Each keyword is a different way to specify an operator and as such can be used instead of the corresponding symbolic variation. For example, a > 0 and not flag and a > 0 && !flag specify the same behavior. As another example, the bitand keyword may be used to replace not only the bitwise-and operator but also the address-of operator, and it can be used to specify reference types (e.g., int bitand ref = n;).
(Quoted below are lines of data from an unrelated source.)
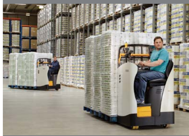
Move More – The sit-down RT is designed to excel in long-distance, high-throughput applications. When you need to move more product, the comfortable operator compartment and controls make this the right truck for the job.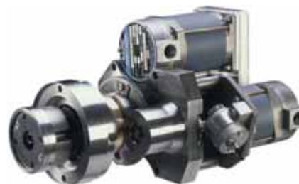
AD (variant) Shell-cylinder system. Sidelay and circumference integrated.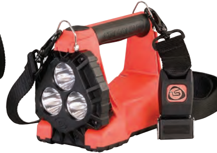
Quick-release strap works like a seatbelt buckle for fast and easy release/connection of shoulder straps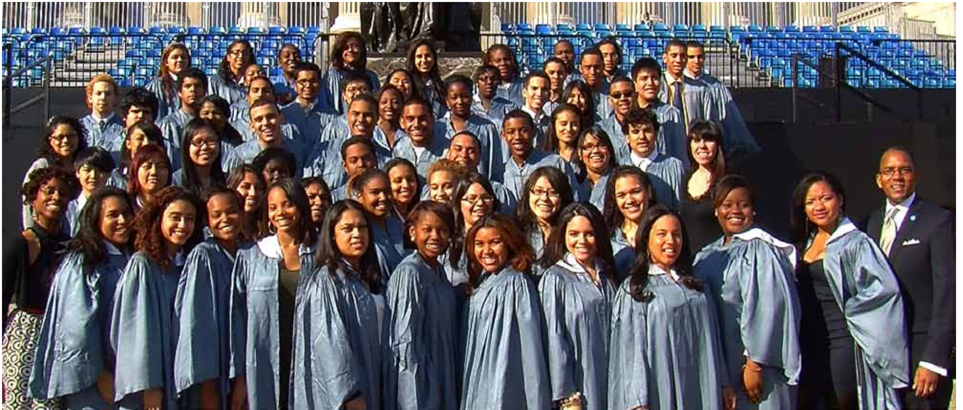
The 2011 class of Columbia University's Double Discovery Center celebrates its graduation.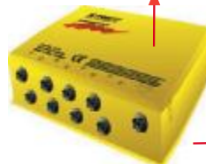
AQUAFLEX Datalogger, 2 and 8 sensor options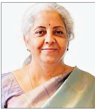
and domestic economic situation and financial stability issues.

In the meeting, the finance minister will review the current global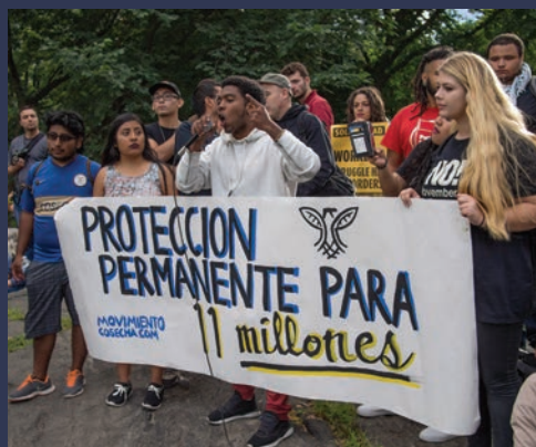
New York City rally in support of DACA, 2017.

Deferred Action for Childhood Arrivals (DACA) was implemented in 2012 by the Obama administration. In 2017, Trump announced during his first term as president that he would be ending DACA. While existing recipients of DACA were still able to renew every two years, those not already on DACA before 2017 are now unable to apply.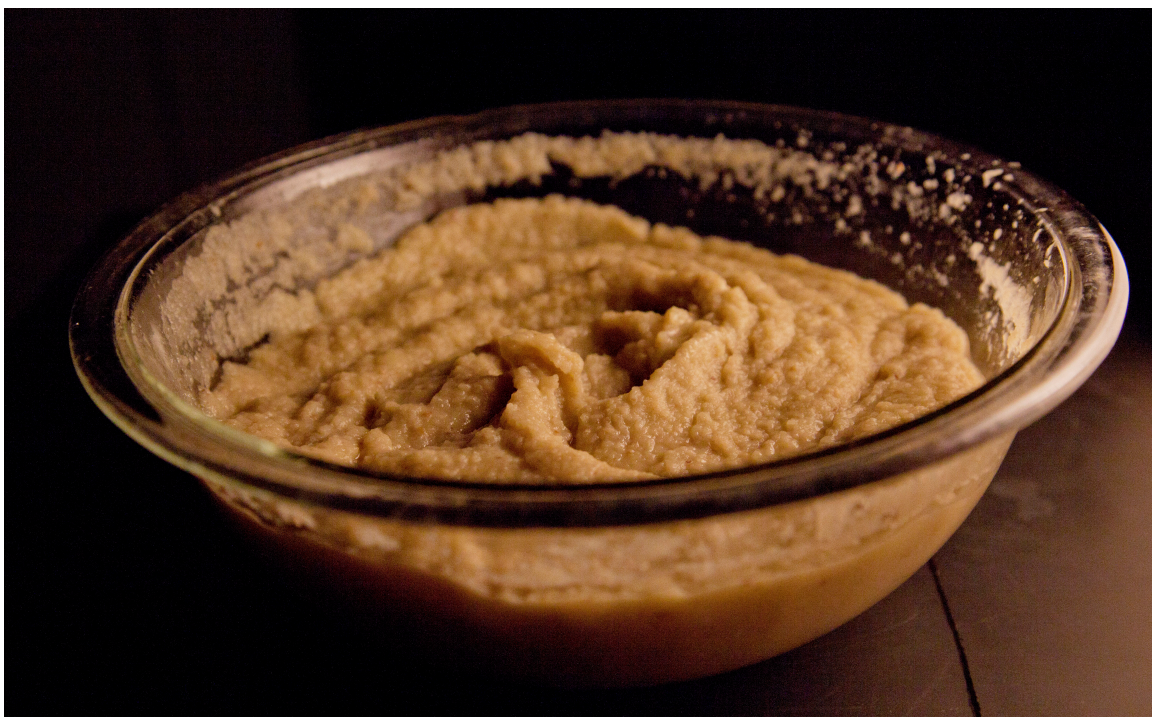
Baba Ghanoush, page 13.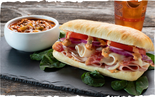
SOUP* + SANDWICH

The ISO C specification makes allowance for these keywords as preprocessor macros in the header file <iso646.h>. For compatibility with C, C++ also provides the header <iso646.h>, the inclusion of which has no effect. Until C++20, it also provided the corresponding header <ciso646> which had no effect as well.

==Expression evaluation order==
During expression evaluation, the order in which sub-expressions are evaluated is determined by precedence and associativity. An operator with higher precedence is evaluated before a operator of lower precedence and the operands of an operator are evaluated based on associativity. The following table describes the precedence and associativity of the C and C++ operators. Operators are shown in groups of equal precedence with groups ordered in descending precedence from top to bottom (lower order is higher precedence).

Operator precedence is not affected by overloading.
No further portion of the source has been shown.